* WHAT YOU WILL DO: A faithful copy is required: retype the records from their first line through the line with "Crowds line the", and omit the pictures.

[[ RECORDS FOR THE TASK, beginning ]]

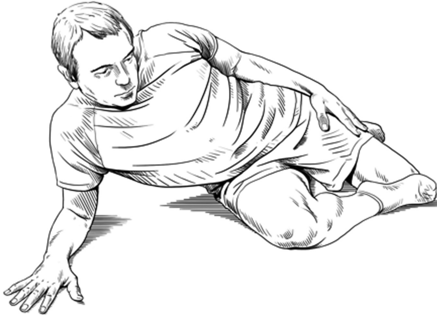
Figure 2 Start position showing relaxing.
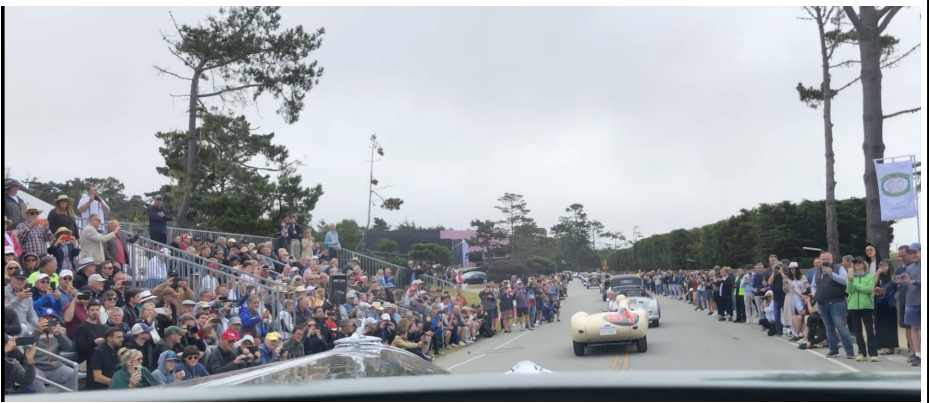
Crowds line the streets at the start of the Tour d'Elegance.

and road damage to deal with when we got back? All of these questions loomed loudly in my head. Fortunately, I had nothing to fear because the Packard performed flawlessly. After complementary donuts and one too many cups of coffee, we started our engines and slowly crept with the traffic toward the towering starting arch. As we rounded the corner onto Portola Road which was packed with cheering onlookers and passed the grandstand filled with beaming spectators, the spectacle of it all finally sank in on my bewildered sister, who stated, "This is like the Oscars of the car hobby!" To which I responded, "Duh!" The route wound its way out of Del Monte Forest, and we were finally on the open road – 30 beautiful miles of breathtaking coastline to Big Sur. All along the route were crowds of people and photographers precariously perched on cliffs and in trees trying to snap that elusive perfect picture of each passing vehicle. Because the route doubles back on itself to return to the starting point, we were afforded the opportunity to see most of the cars coming in the opposite direction, as if we were traveling a road 75 years in the past. Once across the finish line (checkered flag and all!), we were treated to an elegant lunch in the Mercedes/Maybach pop-up dealership and presented with a commemorative bag of keepsakes from the day. One event successfully down; one to go.
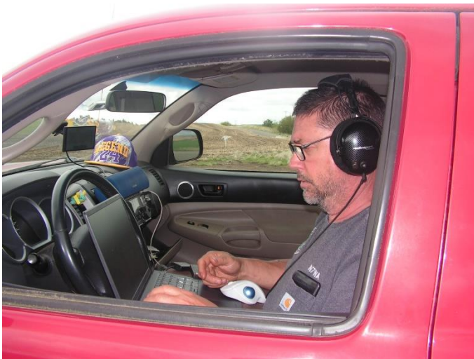
Nez Perce/Latah county line in Idaho

As I mentioned, I was also anticipating just getting out of the house for a weekend out on the road. That part went very well and I came back mentally refreshed if physically exhausted.
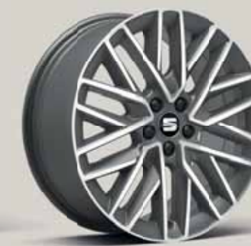
Diamond cut in Cosmo Grey St XE FR
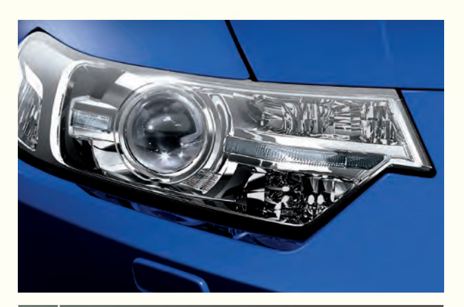
Bi-HID with Active Cornering Lights (ACL)

[[ RECORDS FOR THE TASK, end ]]

* RESULT FOR THIS EXERCISE:
Figure 2 Start position showing relaxing.
Crowds line the streets at the start of the Tour d'Elegance.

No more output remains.